GIVEN DATA —
☆ ☆ ☆ ☆ ☆ ☆ ☆

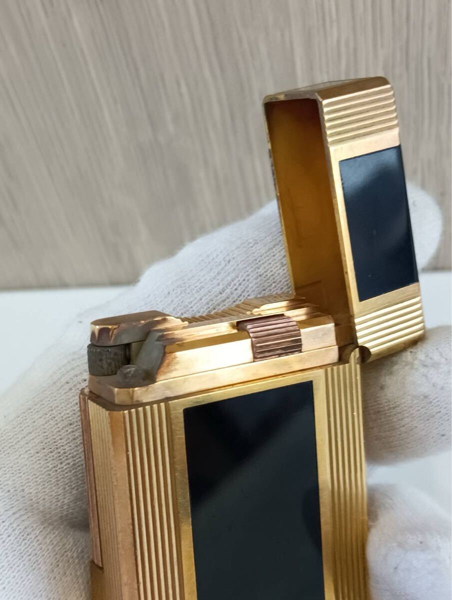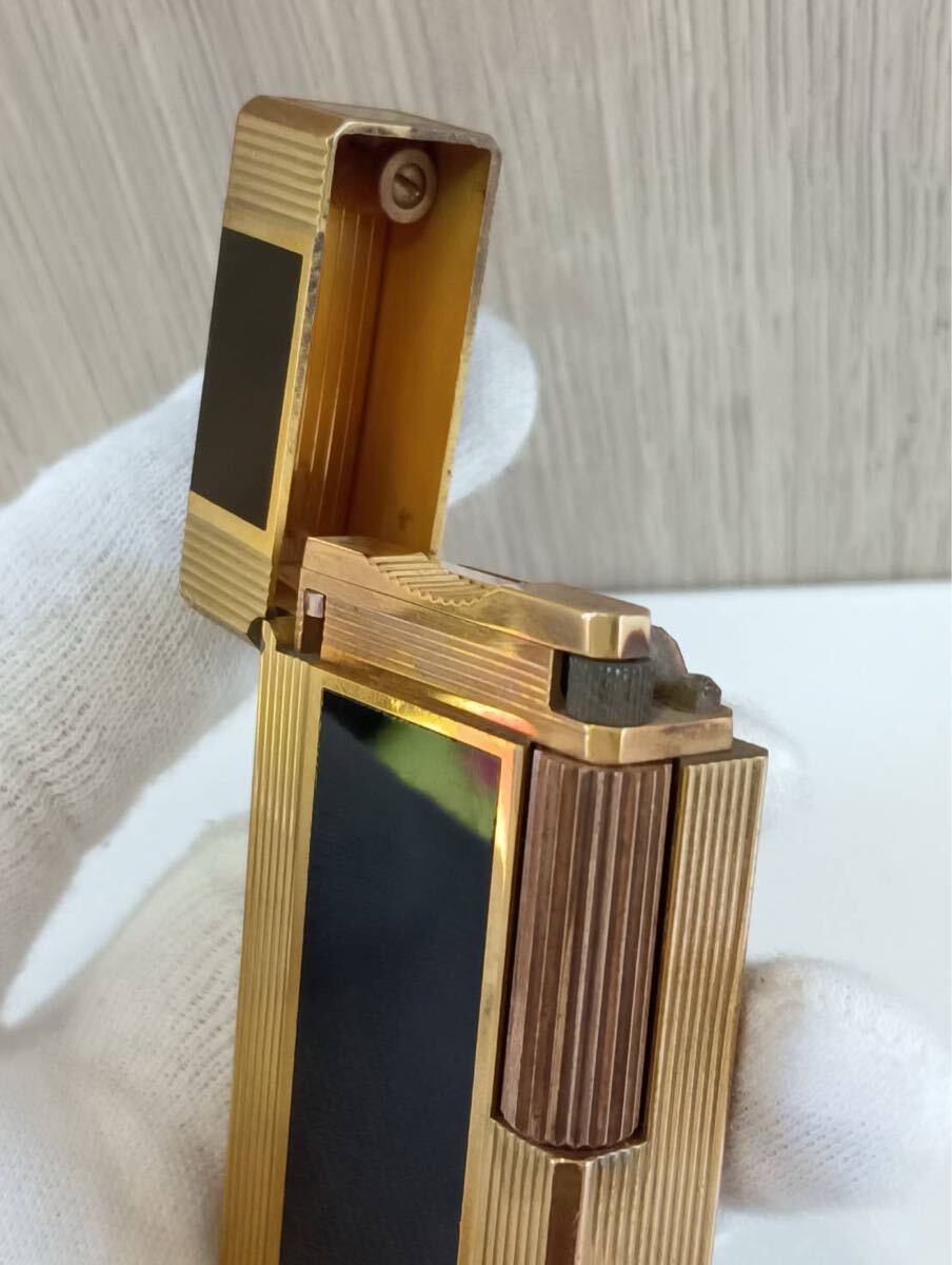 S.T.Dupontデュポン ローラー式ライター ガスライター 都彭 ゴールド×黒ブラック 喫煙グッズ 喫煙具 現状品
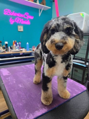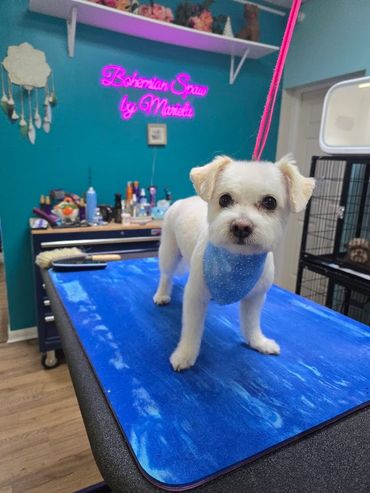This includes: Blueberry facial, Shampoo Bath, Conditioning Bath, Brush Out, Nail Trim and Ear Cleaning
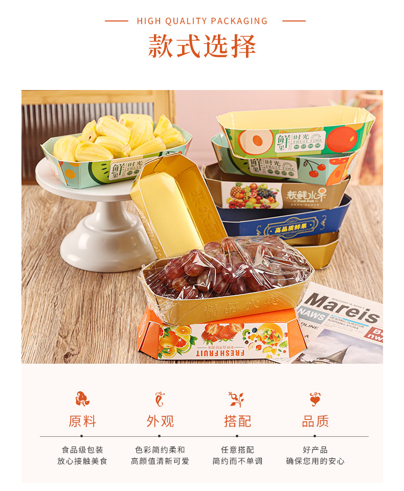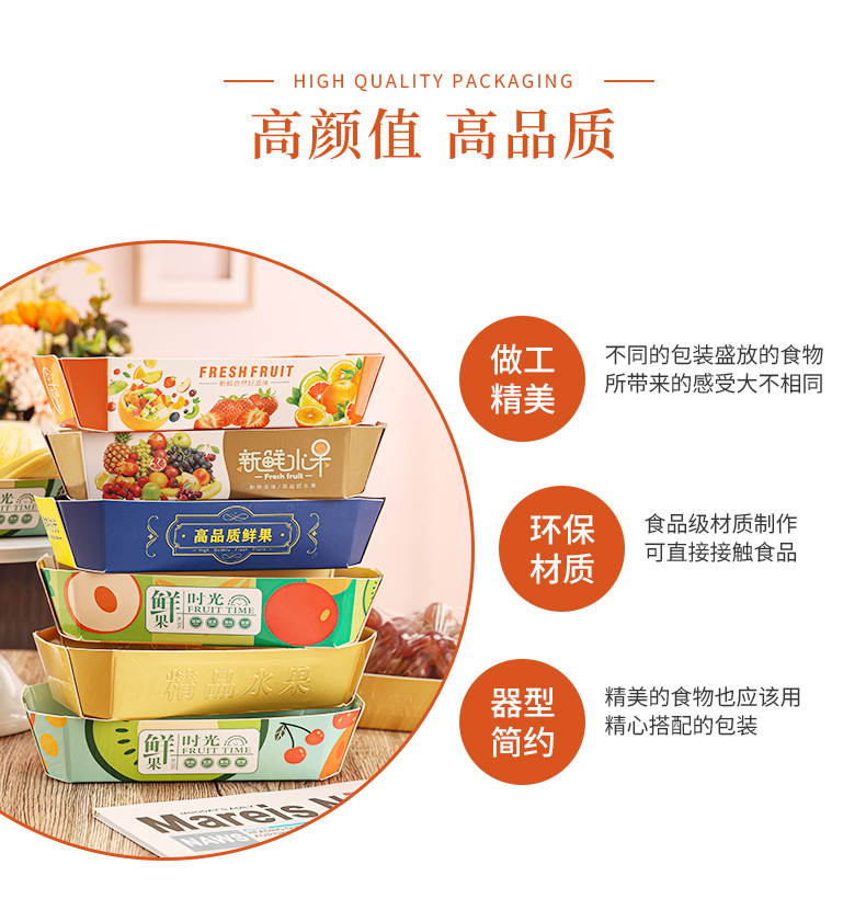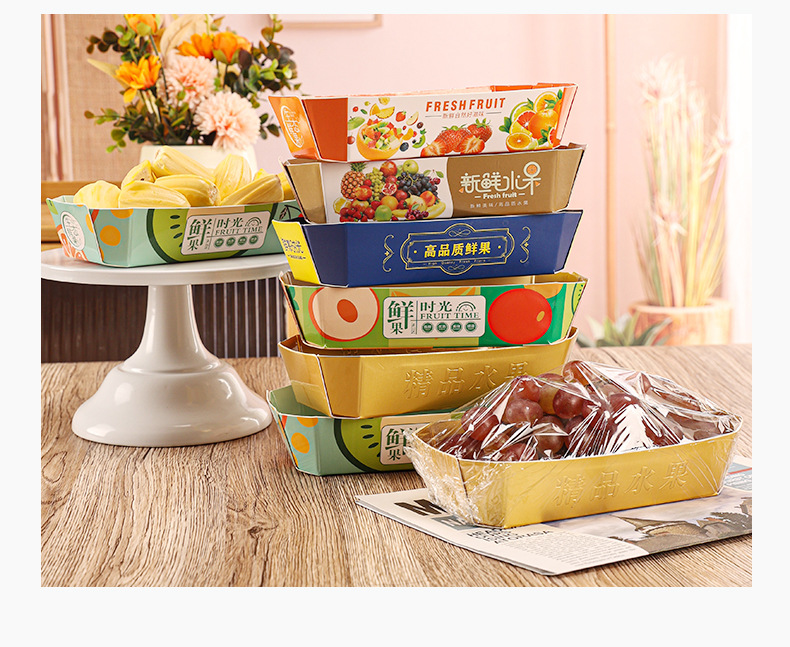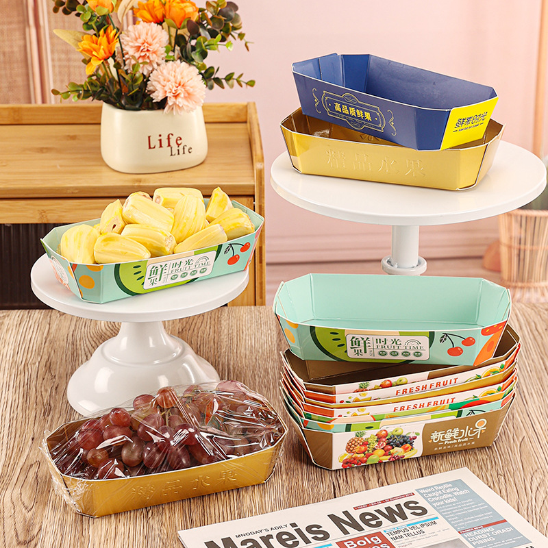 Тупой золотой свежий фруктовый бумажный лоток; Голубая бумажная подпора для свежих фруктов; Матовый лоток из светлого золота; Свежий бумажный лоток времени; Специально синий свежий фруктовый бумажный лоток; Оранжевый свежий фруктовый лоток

☆ ☆ ☆ ☆ ☆ ☆ ☆

EXERCISE INSTRUCTIONS —
Beginning with the line that contains "This includes: Blueberry" and ending with the final line of the listing, return each line exactly. Omit all pictures.

OUTPUT BELOW —
This includes: Blueberry facial, Shampoo Bath, Conditioning Bath, Brush Out, Nail Trim and Ear Cleaning
 Тупой золотой свежий фруктовый бумажный лоток; Голубая бумажная подпора для свежих фруктов; Матовый лоток из светлого золота; Свежий бумажный лоток времени; Специально синий свежий фруктовый бумажный лоток; Оранжевый свежий фруктовый лоток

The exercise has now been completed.